The paper was due Nov. 13. Opening night was Nov. 15.

Somehow, Jellinek pulled it all off, submitting her paper on time and staging a seamless performance in “Twelfth Night,” after a series of long nights at school.

“Honestly, I have no idea how she did it,” said Barbi Frank, Jellinek’s science research mentor and an Advanced Placement biology teacher who has mentored 32 Intel semifinalists in the past 10 years.

“I’m used to it, juggling many different things,” Jellinek said with a laugh during an interview in one of Kennedy’s third-floor science labs.

Apparently, she’s very good at juggling things. On Wednesday, Jellinek was named a semifinalist in the Intel contest. And she wasn’t the only Kennedy senior to receive the honor. Rachel Abramowitz and Ben November also received semifinalist accolades.

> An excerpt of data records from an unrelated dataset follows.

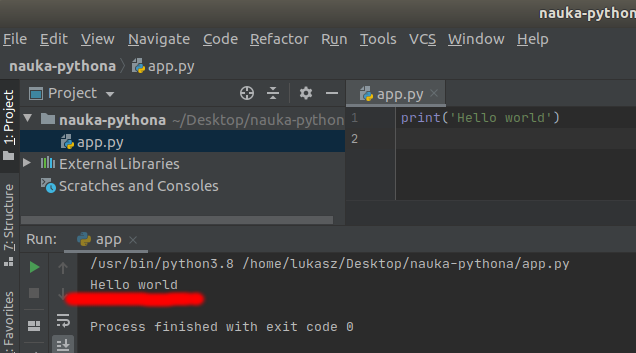 Tadam! Gratulacje! Twój program wypisał właśnie w terminalu tekst „Hello world”! Może rozpierać Cię duma, zdaje się, że to w sumie jeszcze niewiele, ale już niedługo nauczymy się robić dużo więcej 🙂
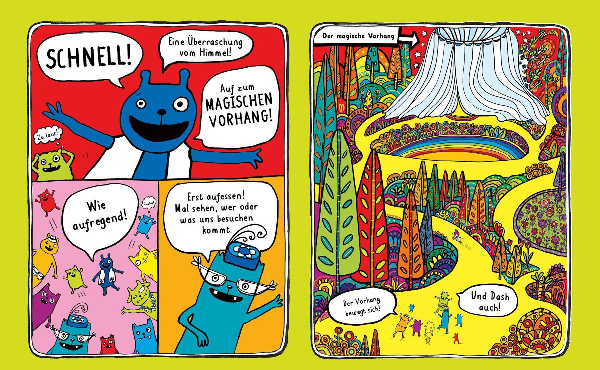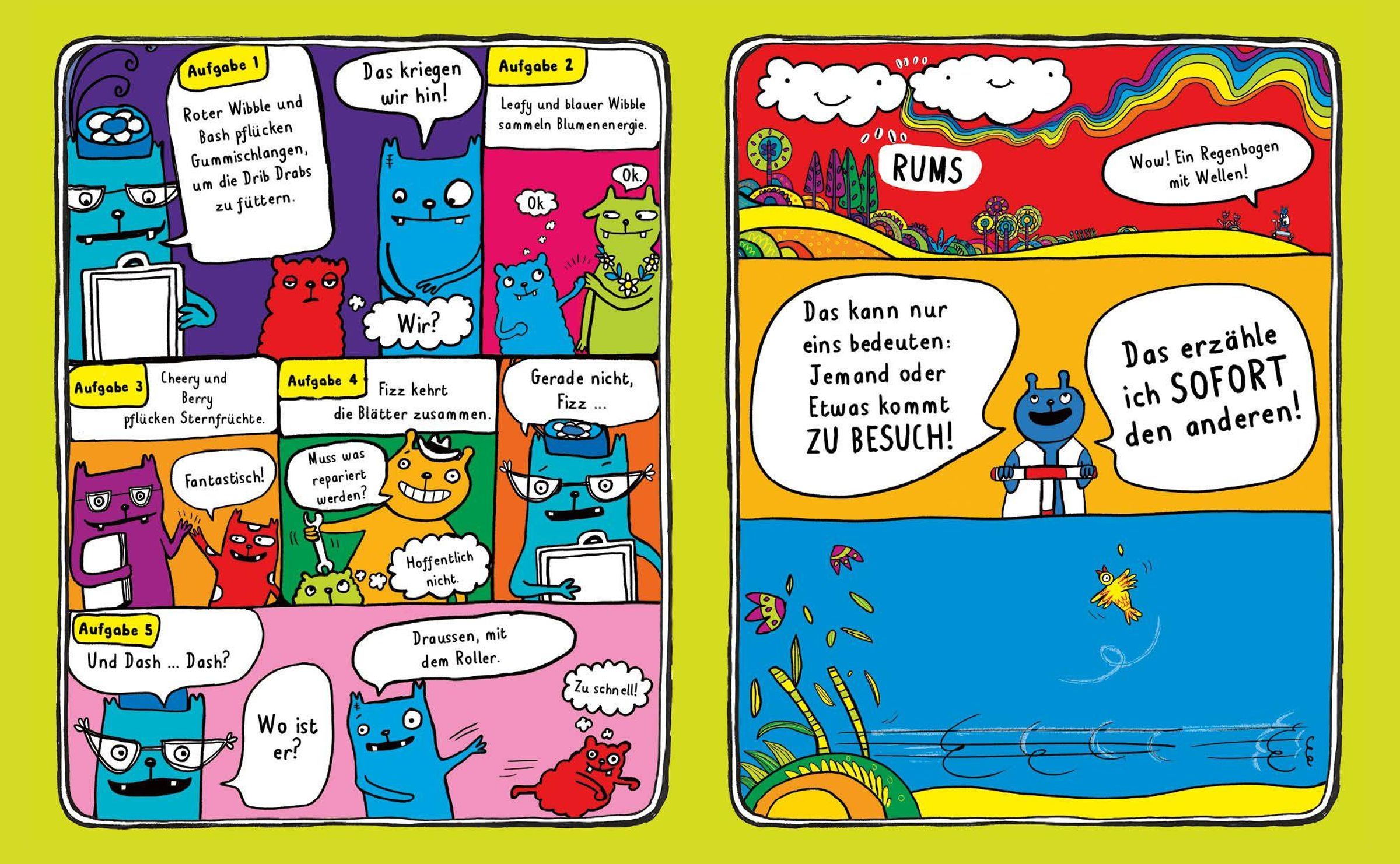Begleite die Mubbles und Wibbles auf ihr erstes Abenteuer und finde heraus, was hinter dem magischen Vorhang ist und die Grinseinsel auf den Kopf stellt. Dieser Kinder-Comic ist der perfekte Lesespaß zum gemeinsamen Vorlesen oder Selberlesen mit seinen farbenfrohen Illustrationen , dem lustigen Humor und jeder Menge Impulse zum Mitsingen und Tanzen!
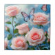 Soft Pink Rose Flower Blue Butterfly Ceramic Tile

Each year, more than 1,500 science research students from across the country enter the Intel competition. Three hundred are named semifinalists. Forty finalists will be announced on Jan. 22 and invited to Washington, D.C. in March to participate in final judging, display their work to the public, meet with notable scientists and compete for the top award of $100,000.

Below are profiles of Kennedy’s semifinalists and their work:

Rachel Abramowitz

Why would people in their right minds confess to crimes they did not commit? Falsely confessing to misdeeds as horrible as murder seems implausible, impossible even. But, according to research conducted by Abramowitz, it happens more often than you might think.